Many Americans first heard of Parler, a right-wing favored social media platform, just recently. A liberal friend who follows Parler sent me a screenshot of the following post by a self-described, but anonymous, ‘colonel’ from Jan. 5-6, 2021:
“So over the next 24 hours, I would say, lets get our personal affairs in order. Prepare Our weapons, and then go hunting. Lets hunt these cowards down like the Traitors that each of them are. This includes RINOS, Dems, and Tech Execs. We now have the green light. [All] who resist Us, are enemies of Our Constitution and must be treated as such.”
I do not regard this as legitimate free speech, and I do not want my government to ignore those who post these direct threats. Posts like this are a danger to our nation, and hopefully, Congress has been shaken out of its head-in-the-sand attitude on white terrorism.

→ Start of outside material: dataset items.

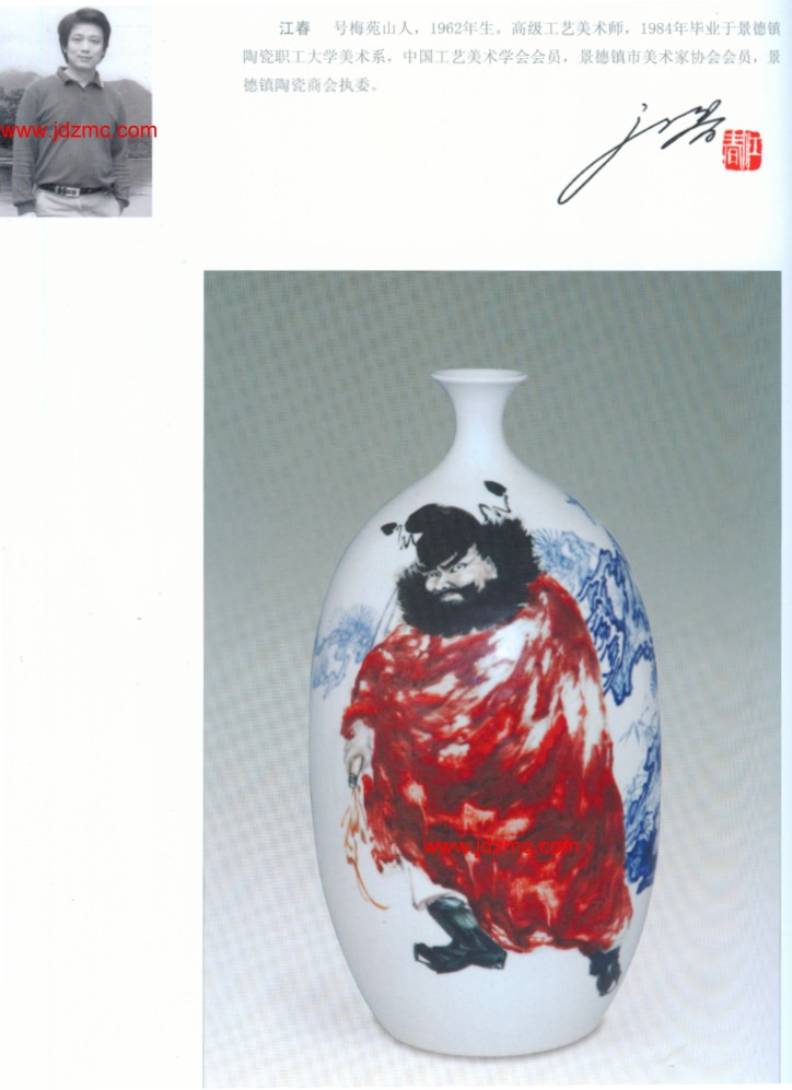 江春 号梅苑山人,1962年生。高级工艺美术师,1984年毕业于景德镇陶瓷职工大学美术系,中国工艺美术学会会员,景德镇市美术家协会会员,景德镇陶瓷商会执委。
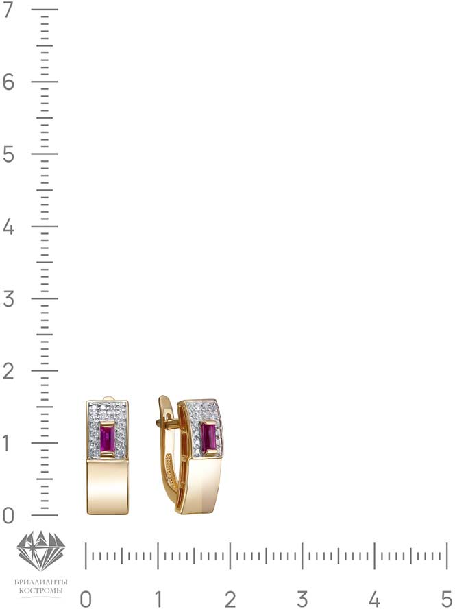 Фото «Золотые серьги БРИЛЛИАНТЫ КОСТРОМЫ 02-3961/3 с рубинами, бриллиантами»
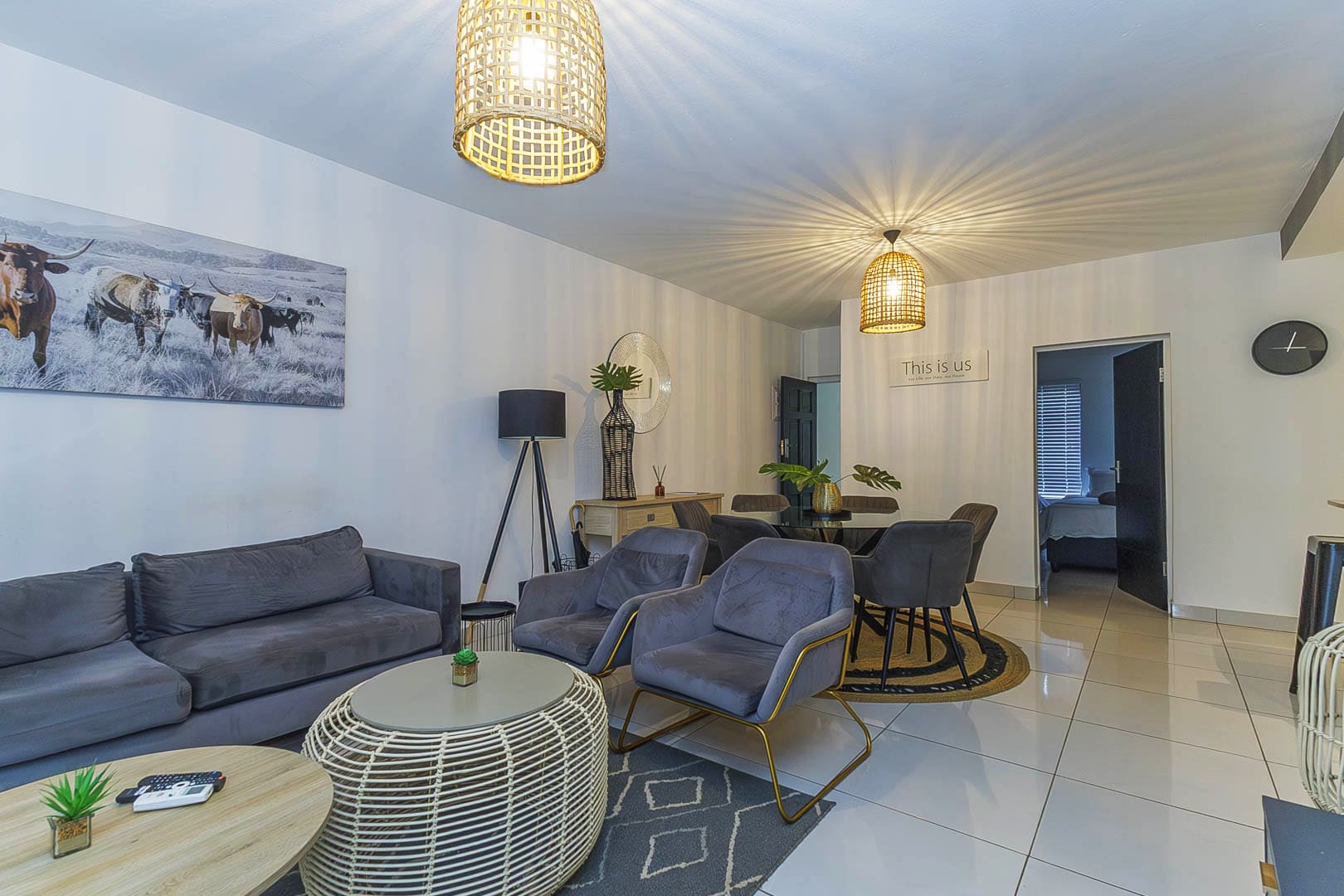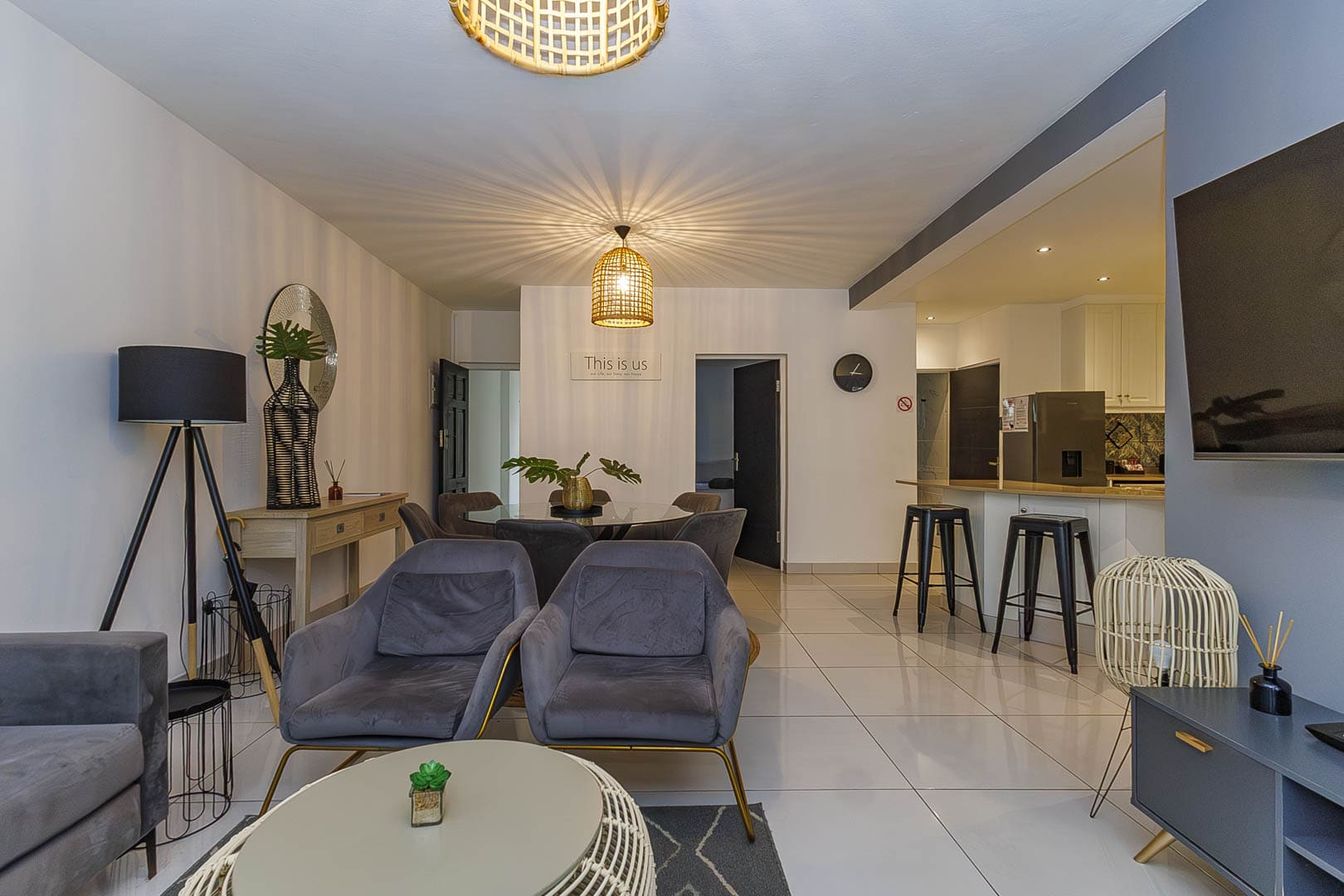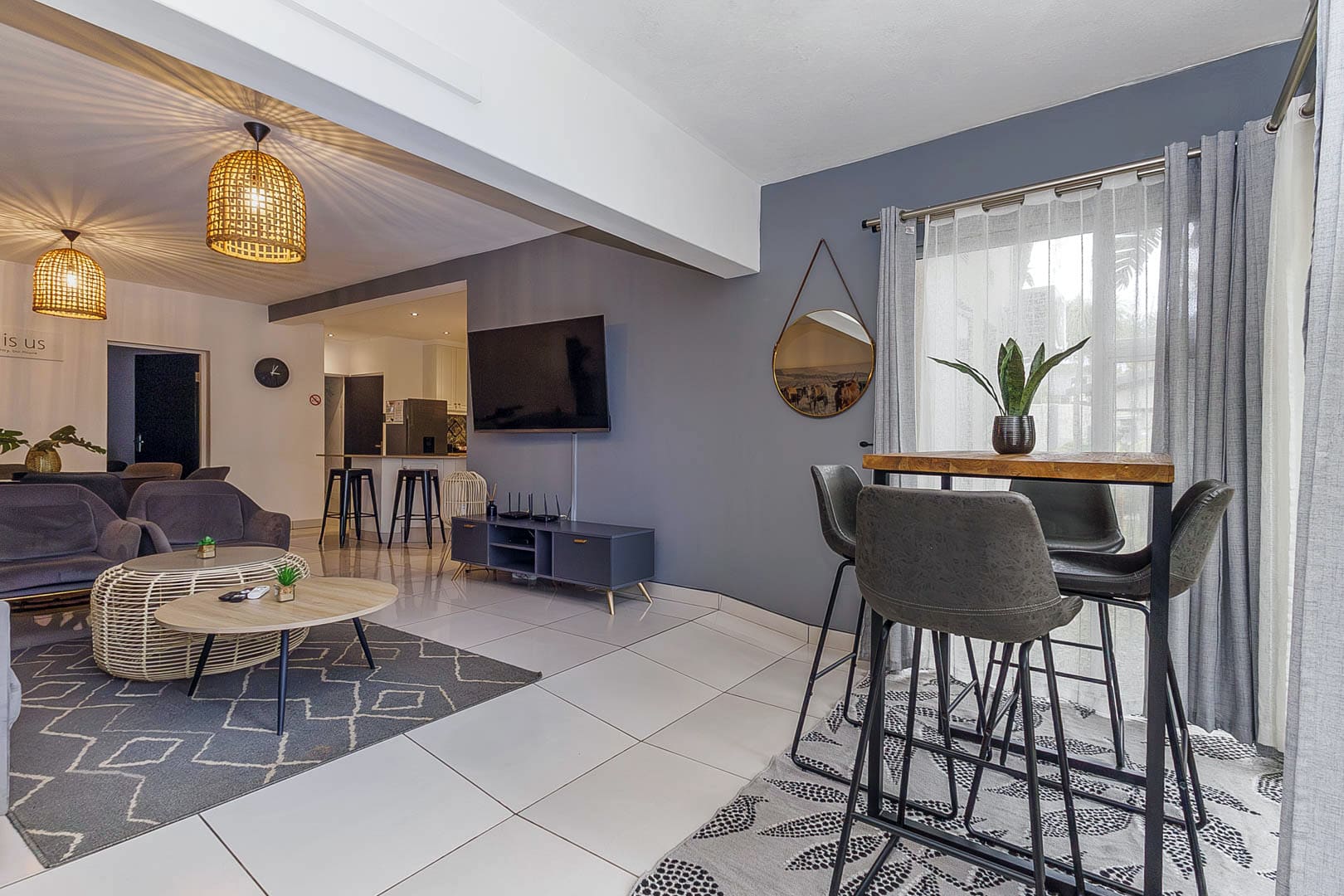 The lounge features a television with a 66-channel DStv holiday package, ideal for relaxed evenings indoors.

I remember two quotations on the limits to freedom from my childhood: “Your right to swing your fist stops at my nose” and “The right of free speech does not include yelling ‘fire’ in a crowded theater.” Given the events at our Capitol a few weeks ago, it is time to reconsider our obligations in exercising our rights. A good starting point is found in the basic ethical tenet of medicine: “First, do no harm.”
Obviously, both hitting someone and causing a panicked rush in a limited space carry the probability of harm. But given the sad history of “man’s inhumanity to man,” are there additional guidelines, even laws, that should be considered for speech?
Most of us know at least some of the guarantees in the first 10 amendments of our Constitution, known as the Bill of Rights. These were demanded by “Jeffersonian Democrats,” who feared an attempt by the “Federalists” to establish a monarchy or privileged aristocracy in the Thirteen Colonies. The Bill of Rights was only a short addition to the Constitution and has needed modification by additional amendments, laws, and court rulings to include formerly enslaved people, women, minorities, etc.
For many years, our airwave media (regulated by the FCC) operated under the “Fairness Doctrine,” which required coverage of both sides of a major public issue. This was eliminated under President Reagan, in effect allowing one-sided, hyper-partisan TV and radio to develop.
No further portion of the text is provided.